The required output is the exact text of the lines from the line containing "Слайд 2 Обычно" through the final line below, inclusive, without pictures.

--- Data ---
- Opening Delimiter -
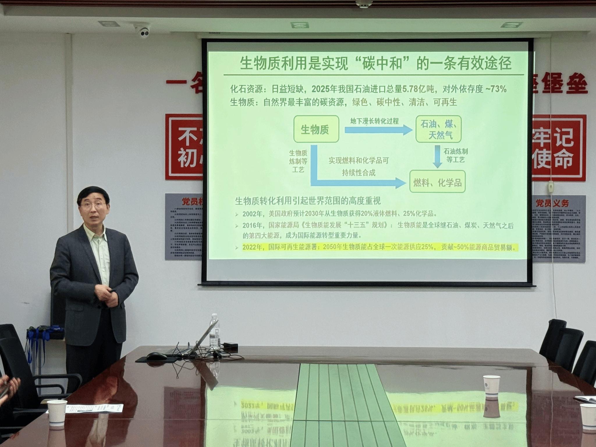 刘海超教授围绕生物质高效催化转化这一主题,系统介绍了木质纤维素转化利用、葡萄糖及呋喃类衍生物催化选择氢解合成重要化学品等方面的系列研究进展,深刻阐述了充分利用生物质资源在实现“碳中和”目标中的关键作用,为在场师生开展相关领域研究提供了清晰的思路与重要的理论参考。整场报告内容丰富、观点鲜明,赢得了在场师生的热烈掌声。
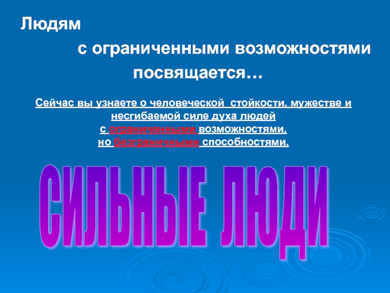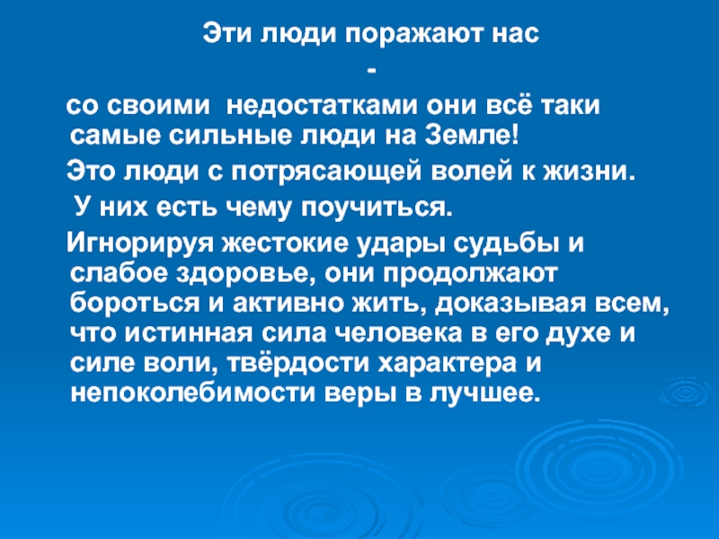 Слайд 2 Обычно мы считаем сильными людьми тех, кто обладает необыкновенной
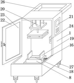 4.根据权利要求3所述的一种儿童玩具压力检测装置,其特征在于:所述壳体(1)的右端内壁固定装配有安全连锁开关(24),所述防护门(22)的内侧壁且于所述安全连锁开关(24)相对位置固定装配有插销(25),所述插销(25)与所述安全连锁开关(24)相适配。
- Closing Delimiter -
--- Solution ---
 Слайд 2 Обычно мы считаем сильными людьми тех, кто обладает необыкновенной
 4.根据权利要求3所述的一种儿童玩具压力检测装置,其特征在于:所述壳体(1)的右端内壁固定装配有安全连锁开关(24),所述防护门(22)的内侧壁且于所述安全连锁开关(24)相对位置固定装配有插销(25),所述插销(25)与所述安全连锁开关(24)相适配。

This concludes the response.